Lately, workplace angst has been getting much attention. I'm talking about the "quiet quitting” trend, strikes, lay-offs and walkouts — even the theme of much of the advice given by our “25 Under 35” award winners to other young professionals rang with messages for self-care and not “putting it all” on the company line.

This brought up thoughts and feelings from my past stints in corporate America. I understand the desire to stay healthy, have a personal life and limit the amount of “self” one loses to their career. I’ve “burnt the candle at both ends,” spent countless late nights finishing projects that were later shelved and cut weekends and vacations short to feed the corporate machine. At the time, late nights, long hours and time spent teetering on the verge of burn-out were all badges of honor I wore proudly. Kind of crazy as I now look back on it.

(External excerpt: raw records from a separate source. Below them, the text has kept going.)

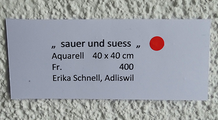 Noch bevor die Vernissage beginnt, hört man eine freudig-aufgekratzte Erika: «Ich hab' grad ein Bild verkauft!». Ihre Mit-Künstlerinnen beglückwünschen sie, alle gönnen ihr den schönen Moment. «Sauer und süss» heisst das Bild.
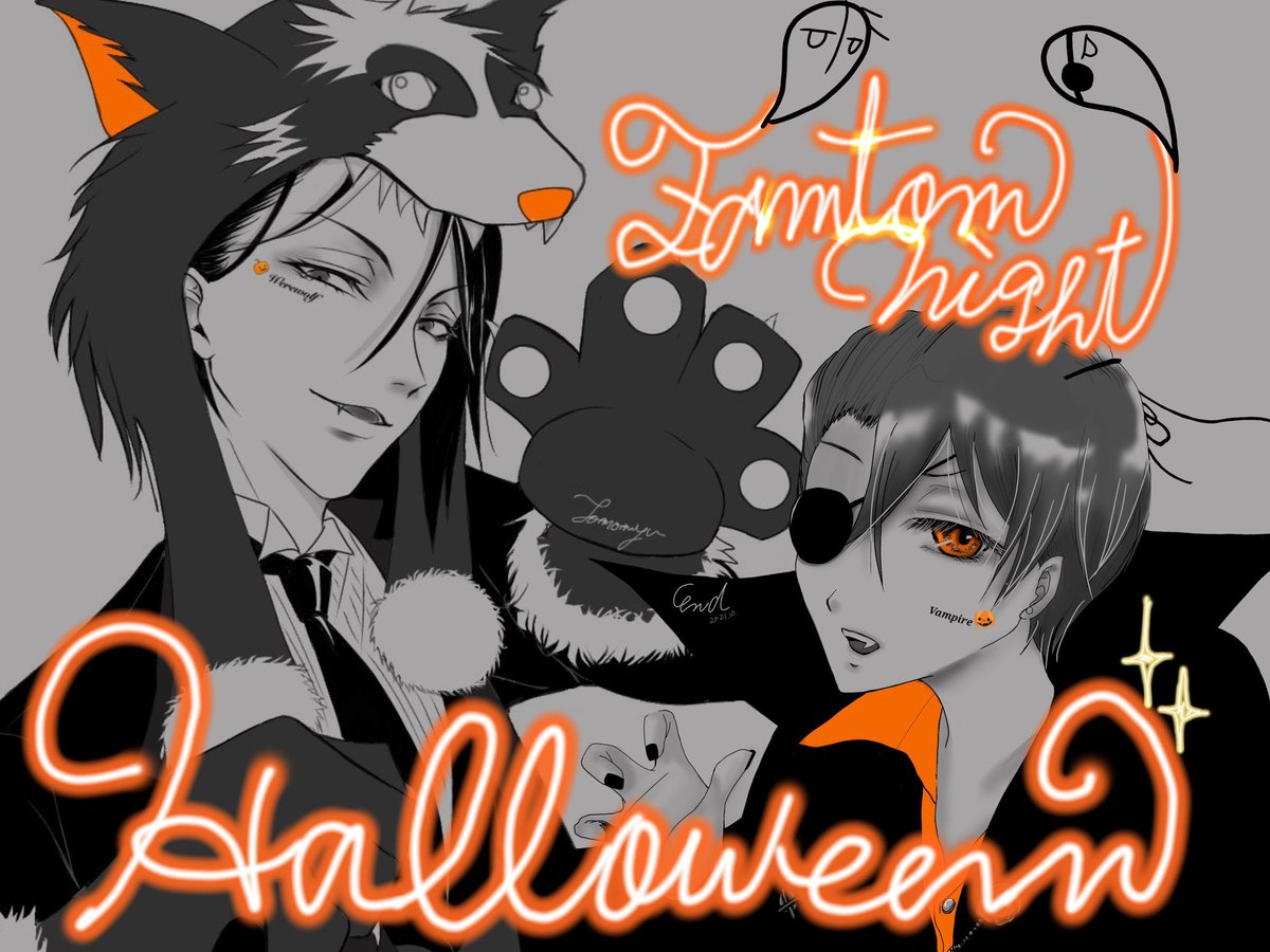 ☠🎃HappyHalloween🍭🍬 ENDさん@96bitter_rabbit のヴァンパイア坊ちゃんと、私狼セバスでコラボさせていただきました🥺✨ 全体イメージや文字作って頂いて感謝です٩(*´`*)Tank you♥ #黒執事 #黒執事ファンアート #halloween2021
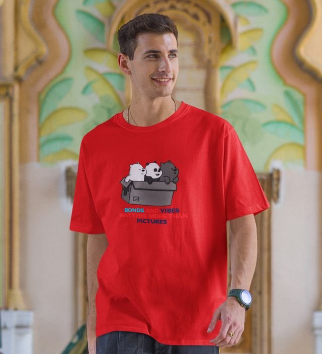 Vibes Matters Red Round Neck Cotton Half Sleeved Men T-Shirt with Printed Graphics
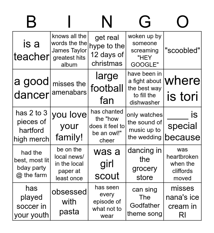 This bingo card has a free space and 24 words: be on the local news/ in the local paper at least once, obsessed with pasta, large football fan, has played soccer in your youth, "scoobled", is a teacher, a good dancer, knows all the words the the James Taylor greatest hits album, only watches the sound of music up to the wedding, was a girl scout, have been in a fight about the best way to fill the dishwasher, has 2 to 3 pieces of hartford high merch, dancing in the grocery store, was heartbroken when the cliffords moved, misses the amenabars, can sing The Godfather theme song, ____ is special because, get real hype to the 12 days of christmas, where is tori, you love your family!, misses nana's ice cream in RI, had the best, most lit bday party @ the farm, woken up by someone screaming "HEY GOOGLE" and has seen every episode of what not to wear.
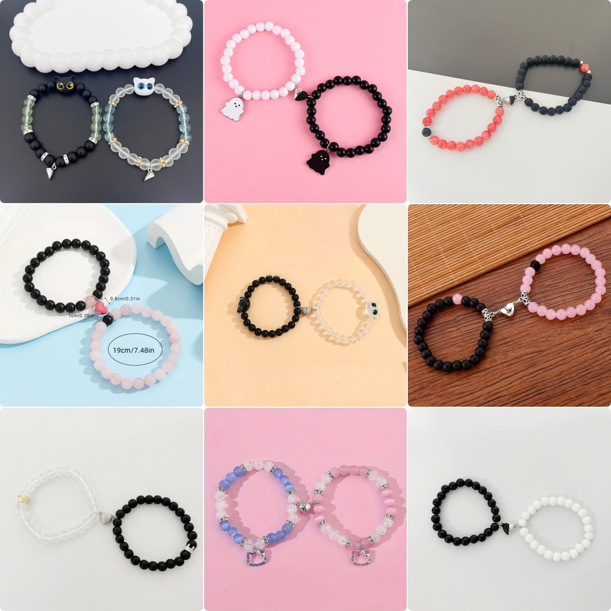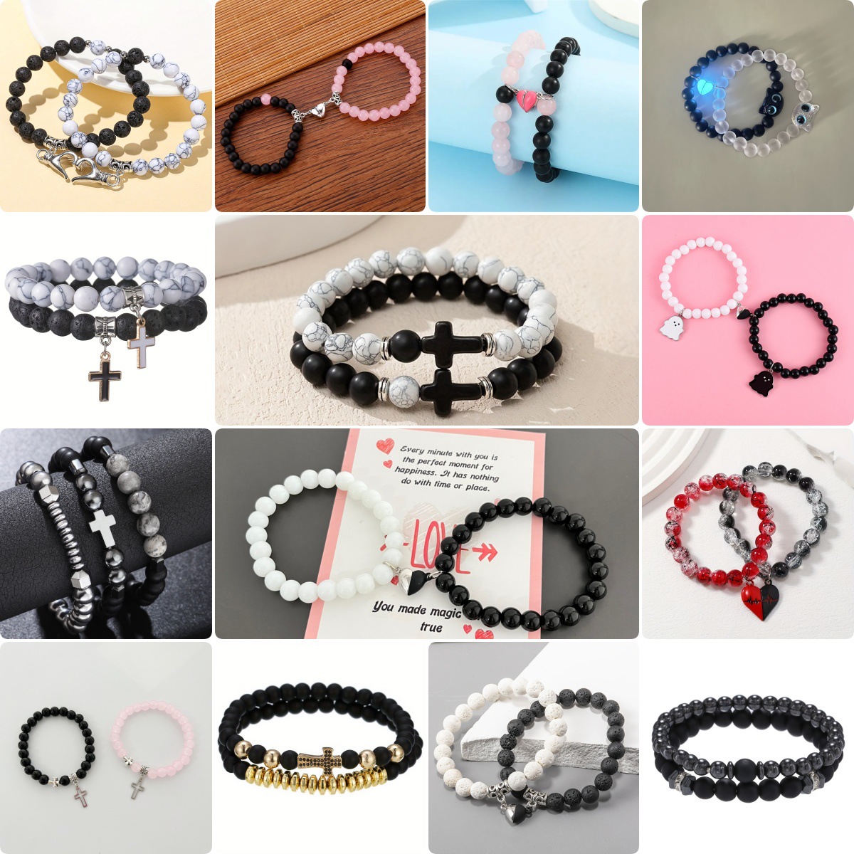 亚马孙爆款一对桃心吸铁石情侣手链 跨境热卖磨砂石粉晶白晶手串套装简约时尚饰品J1299

As a publisher, I understand the business challenges, as well as the need to watch the bottom line. But I understand today’s pro-labor movement. I echo the advice for self-care and protection. There is wisdom in “putting your oxygen mask on first.” If you give of yourself until there is nothing left, how can you possibly serve your company, co-workers and audience  effectively? Even Jacinda Arden, the celebrated prime minister of New Zealand, has decided that enough is enough.

The news industry is a calling that is inspirational and challenging. Yet, the same principle of putting yourself first must guide us even in our critical roles — maybe more. Our jobs put us in contact with heart-wrenching stories, real lives and difficult situations. We’re living and working at a time when trust in our industry is questioned, newsrooms are understaffed, revenue is more difficult than ever and expenses are rising at an alarming rate. The stress is not just physical, but it’s most often mental and emotional. The current focus on mental health is critical, and life balance is vital for mental protection.

Several of our stories this month highlight the need for checking on ourselves and checking on each other in the workplace. These are challenging times, and we work in a demanding industry. As Natascia Lypny, one of our deserving “25 Under 35,” noted, “You can't make a lasting impact if you only last five years.” The news industry is a wonderful place to make a lasting impact. Let's all do what we can to ensure we survive — and thrive.